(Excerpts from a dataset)

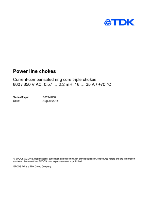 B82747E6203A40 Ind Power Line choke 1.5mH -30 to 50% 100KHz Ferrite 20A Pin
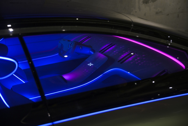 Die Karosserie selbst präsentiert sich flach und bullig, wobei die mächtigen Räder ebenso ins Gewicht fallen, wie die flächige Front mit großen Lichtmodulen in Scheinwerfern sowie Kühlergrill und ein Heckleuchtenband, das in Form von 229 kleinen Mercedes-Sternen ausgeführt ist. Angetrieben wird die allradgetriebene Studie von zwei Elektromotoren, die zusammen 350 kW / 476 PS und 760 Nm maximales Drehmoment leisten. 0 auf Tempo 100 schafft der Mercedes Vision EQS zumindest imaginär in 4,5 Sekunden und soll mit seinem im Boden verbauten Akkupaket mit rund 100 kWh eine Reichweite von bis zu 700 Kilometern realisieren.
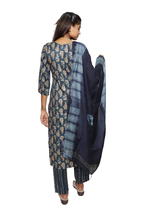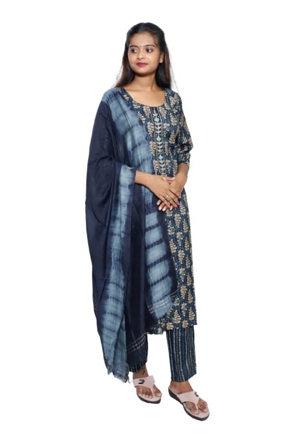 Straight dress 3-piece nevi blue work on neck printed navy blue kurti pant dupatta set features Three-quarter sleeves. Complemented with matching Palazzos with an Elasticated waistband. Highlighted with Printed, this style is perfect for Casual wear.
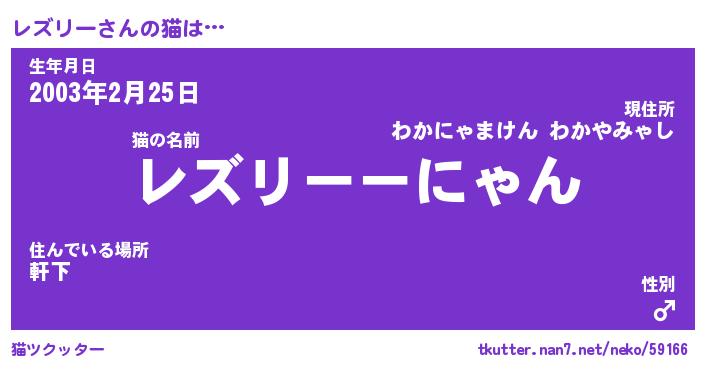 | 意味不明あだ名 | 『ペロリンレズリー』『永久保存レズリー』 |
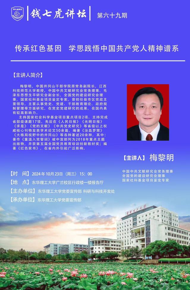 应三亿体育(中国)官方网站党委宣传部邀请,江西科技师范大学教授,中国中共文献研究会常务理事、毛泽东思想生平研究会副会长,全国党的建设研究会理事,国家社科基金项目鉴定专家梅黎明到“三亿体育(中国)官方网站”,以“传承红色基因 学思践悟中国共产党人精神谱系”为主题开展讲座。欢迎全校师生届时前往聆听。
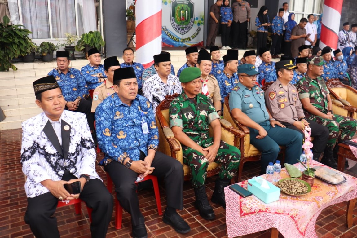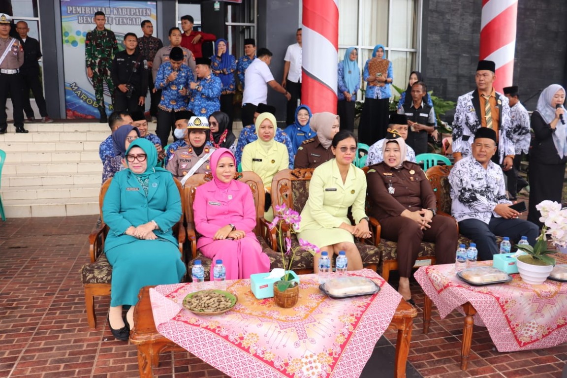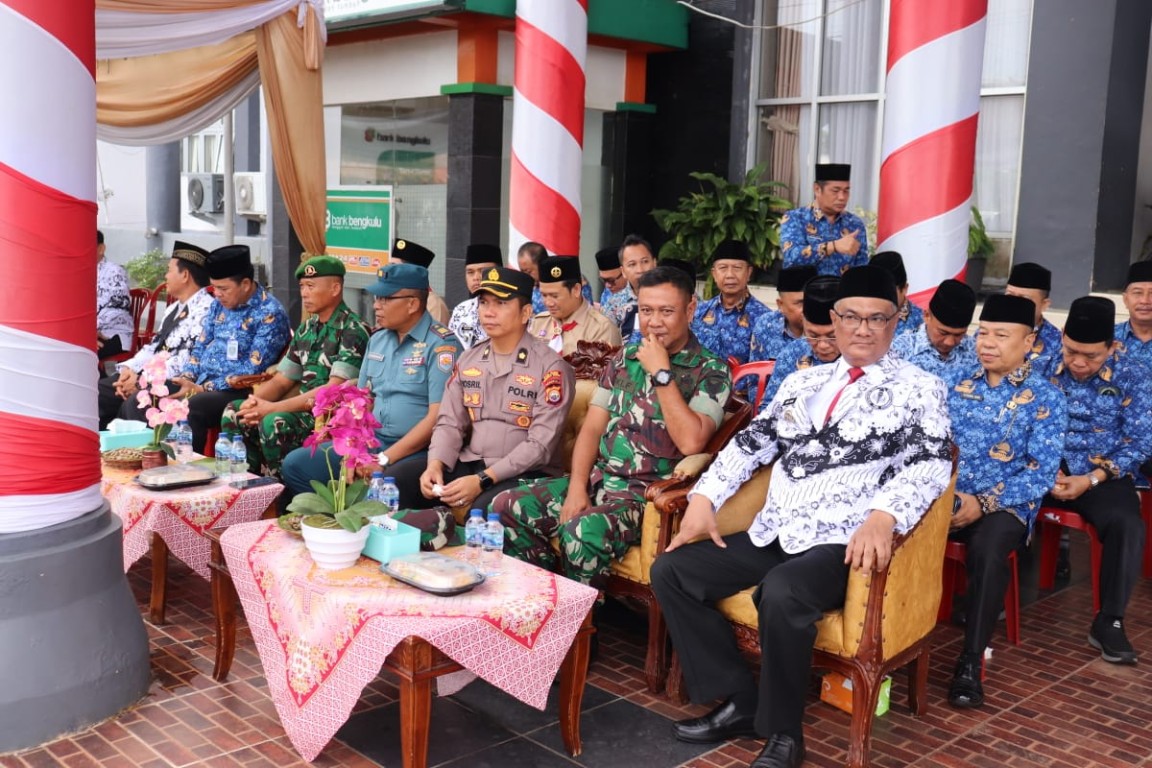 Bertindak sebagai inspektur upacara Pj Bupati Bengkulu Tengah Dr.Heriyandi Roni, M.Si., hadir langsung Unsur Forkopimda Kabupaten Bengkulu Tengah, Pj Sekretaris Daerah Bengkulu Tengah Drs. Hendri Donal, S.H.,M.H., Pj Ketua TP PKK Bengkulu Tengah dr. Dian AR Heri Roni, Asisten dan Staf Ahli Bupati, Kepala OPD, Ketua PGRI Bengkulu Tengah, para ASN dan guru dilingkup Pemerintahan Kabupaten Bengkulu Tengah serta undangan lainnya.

Task statement
Repeat exactly the lines above, from the line that contains "Straight dress 3-piece" down through the line that contains "意味不明あだ名 | 『ペロリンレズリー』『永久保存レズリー』 |". Include both of those lines and none of the pictures.

Solution
 Straight dress 3-piece nevi blue work on neck printed navy blue kurti pant dupatta set features Three-quarter sleeves. Complemented with matching Palazzos with an Elasticated waistband. Highlighted with Printed, this style is perfect for Casual wear.
 | 意味不明あだ名 | 『ペロリンレズリー』『永久保存レズリー』 |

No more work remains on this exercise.